## Given information

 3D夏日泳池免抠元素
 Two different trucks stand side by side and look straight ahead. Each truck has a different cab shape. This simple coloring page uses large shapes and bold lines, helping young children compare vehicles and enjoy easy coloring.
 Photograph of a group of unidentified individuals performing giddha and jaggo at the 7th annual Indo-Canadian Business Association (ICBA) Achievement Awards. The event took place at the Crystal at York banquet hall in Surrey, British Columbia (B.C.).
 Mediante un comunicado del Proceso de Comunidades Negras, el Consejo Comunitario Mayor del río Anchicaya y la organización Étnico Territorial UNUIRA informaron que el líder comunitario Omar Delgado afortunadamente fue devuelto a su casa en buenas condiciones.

--

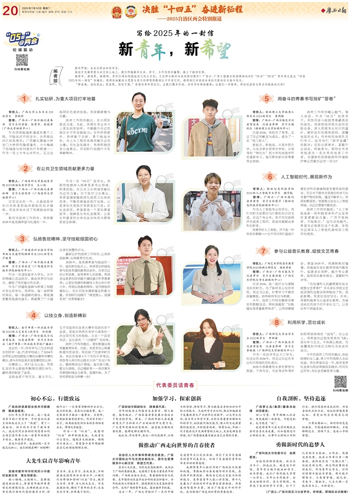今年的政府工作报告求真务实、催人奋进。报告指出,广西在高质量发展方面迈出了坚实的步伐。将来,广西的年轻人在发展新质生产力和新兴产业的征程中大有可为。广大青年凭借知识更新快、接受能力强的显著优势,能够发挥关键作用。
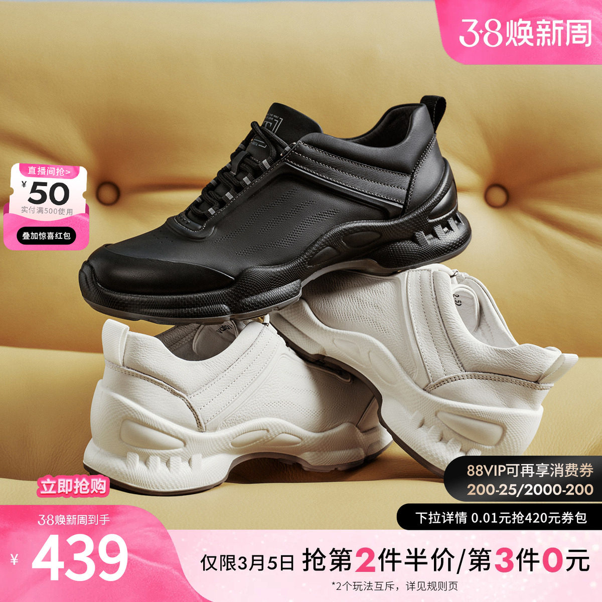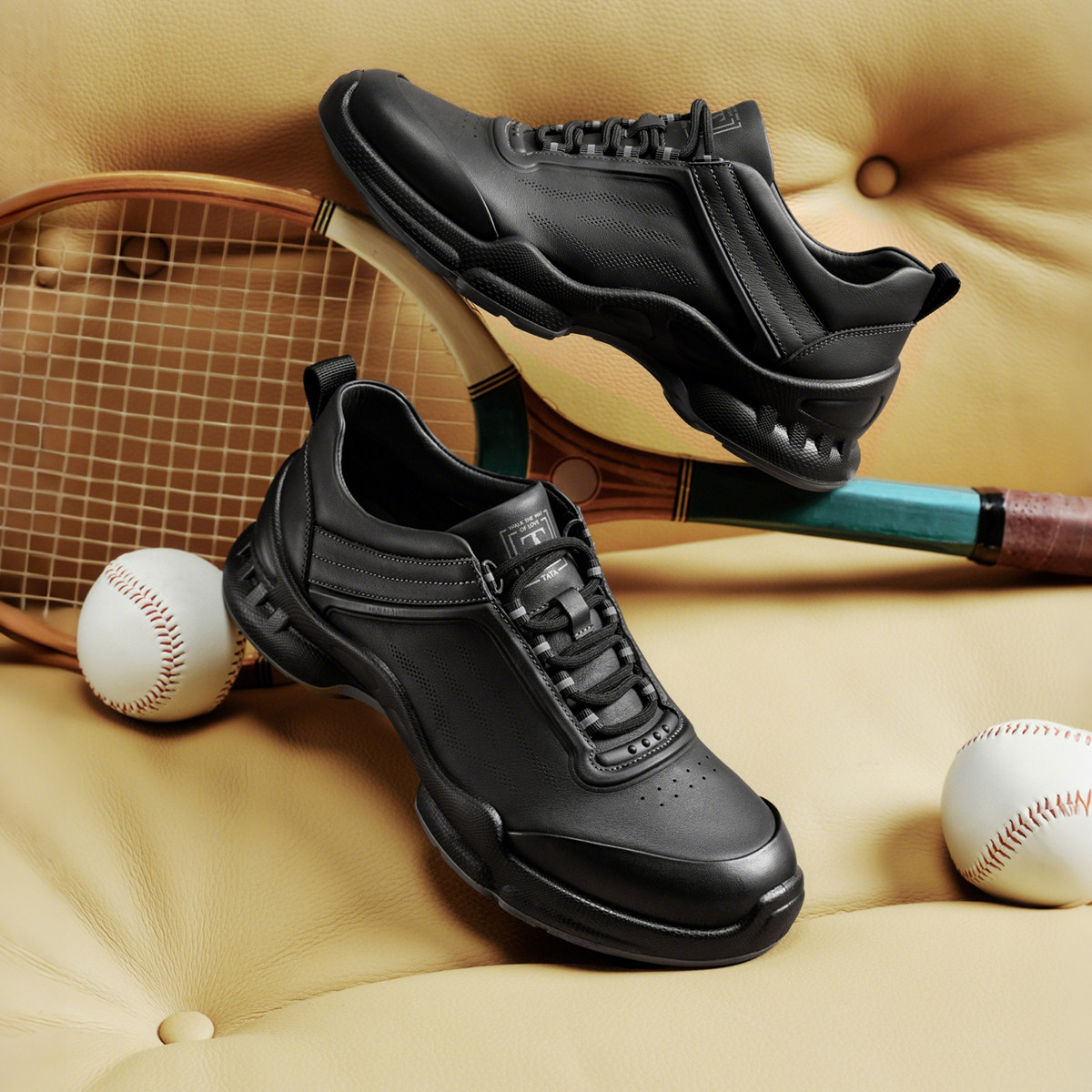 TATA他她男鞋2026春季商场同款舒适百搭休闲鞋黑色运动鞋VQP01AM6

==

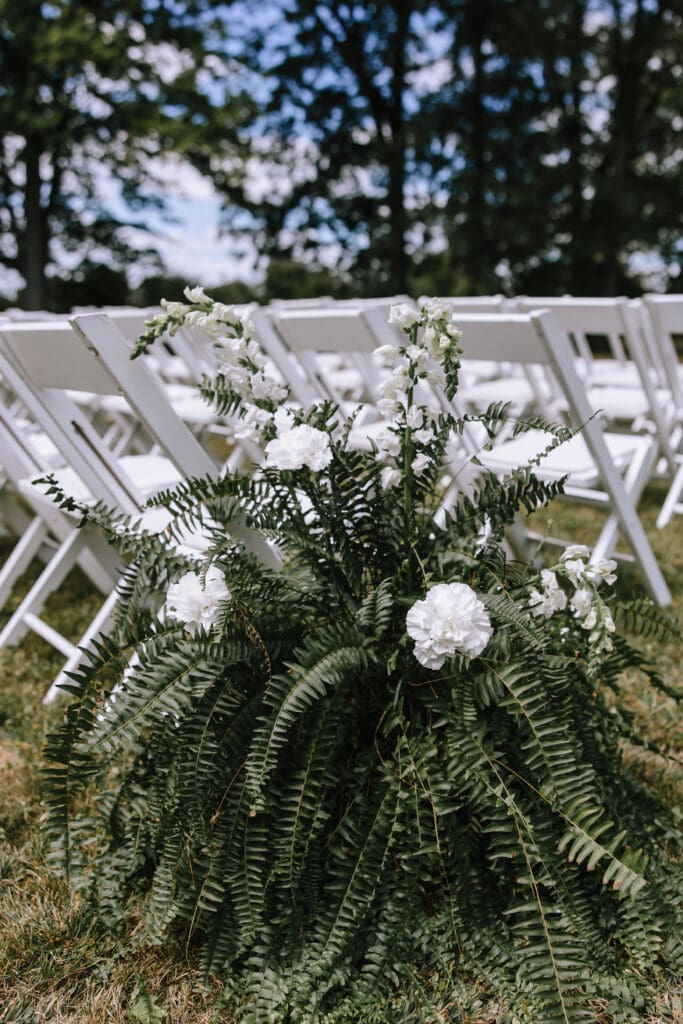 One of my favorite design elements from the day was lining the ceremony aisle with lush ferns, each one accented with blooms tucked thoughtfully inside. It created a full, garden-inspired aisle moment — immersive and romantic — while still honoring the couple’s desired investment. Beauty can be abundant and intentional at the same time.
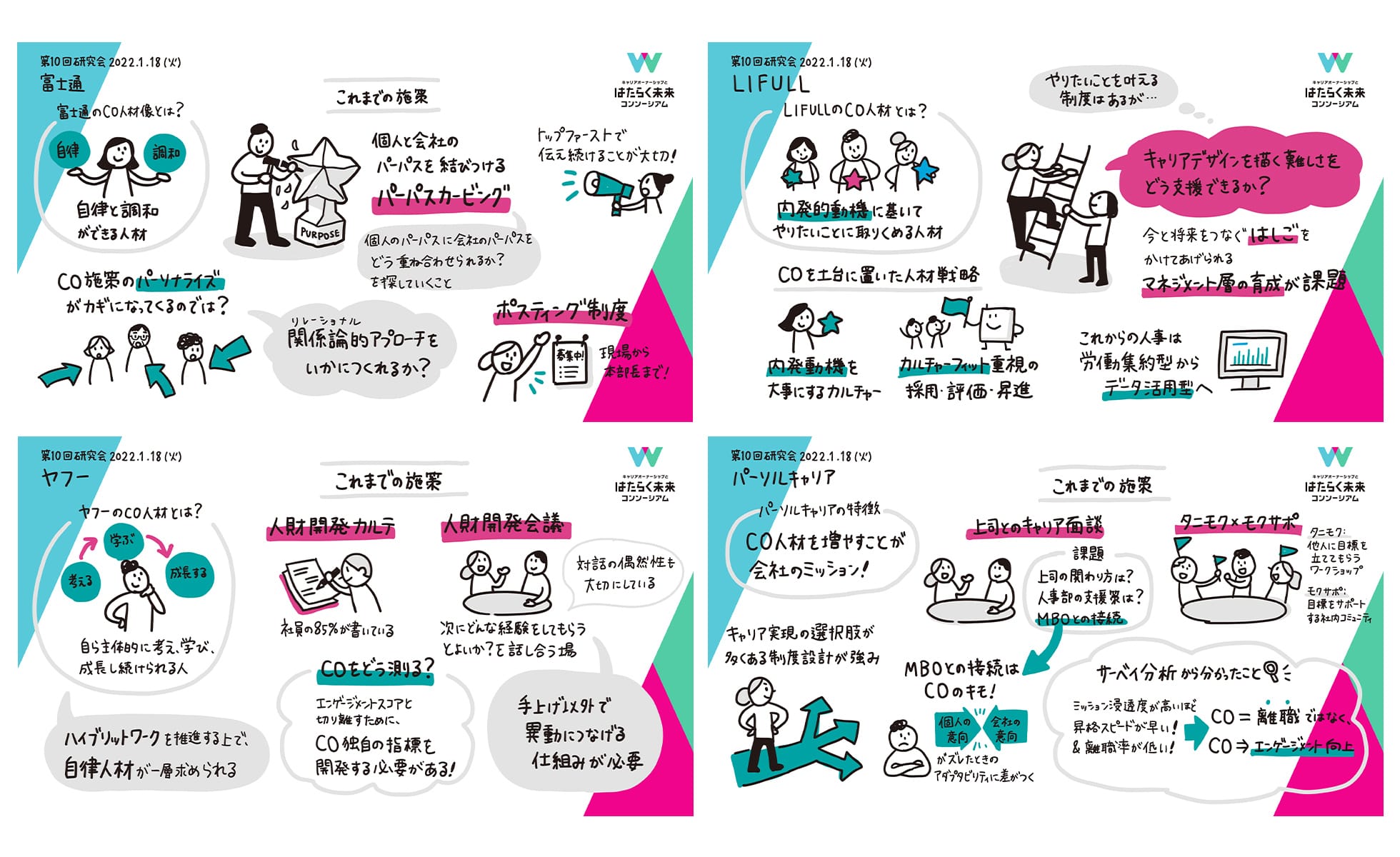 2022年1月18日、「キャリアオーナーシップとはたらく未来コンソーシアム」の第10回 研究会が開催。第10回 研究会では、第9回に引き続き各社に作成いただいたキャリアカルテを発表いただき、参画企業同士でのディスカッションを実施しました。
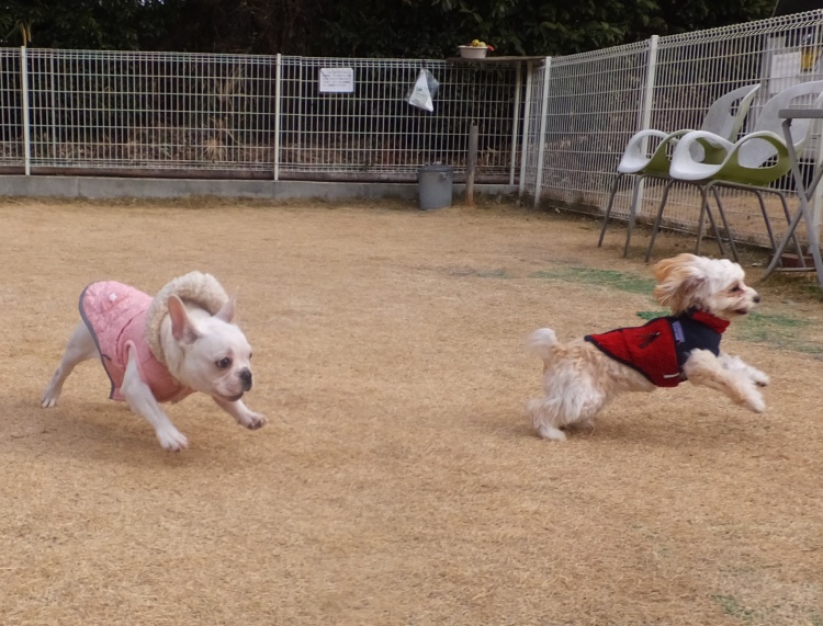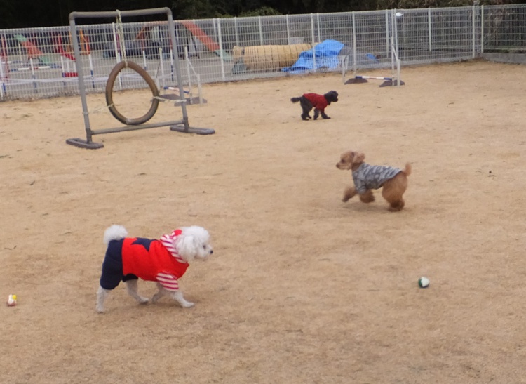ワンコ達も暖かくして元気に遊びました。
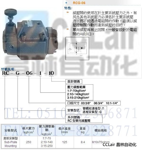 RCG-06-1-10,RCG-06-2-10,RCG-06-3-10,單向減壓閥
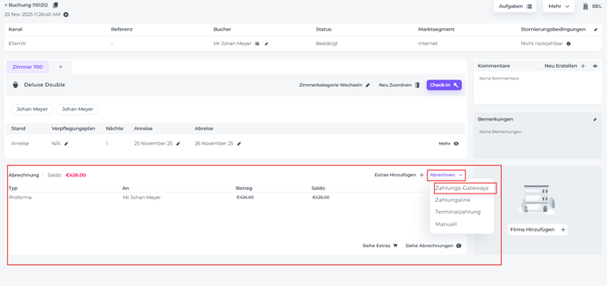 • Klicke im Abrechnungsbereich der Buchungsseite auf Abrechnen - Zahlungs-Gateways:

## Exercise aim
Produce an exact reproduction of the listing above, limited to the lines starting at the line with "ワンコ達も暖かくして元気に遊びました。" and ending at the line with "Klicke im Abrechnungsbereich", both kept, with every picture left out.

## Task output
ワンコ達も暖かくして元気に遊びました。
 RCG-06-1-10,RCG-06-2-10,RCG-06-3-10,單向減壓閥
 • Klicke im Abrechnungsbereich der Buchungsseite auf Abrechnen - Zahlungs-Gateways:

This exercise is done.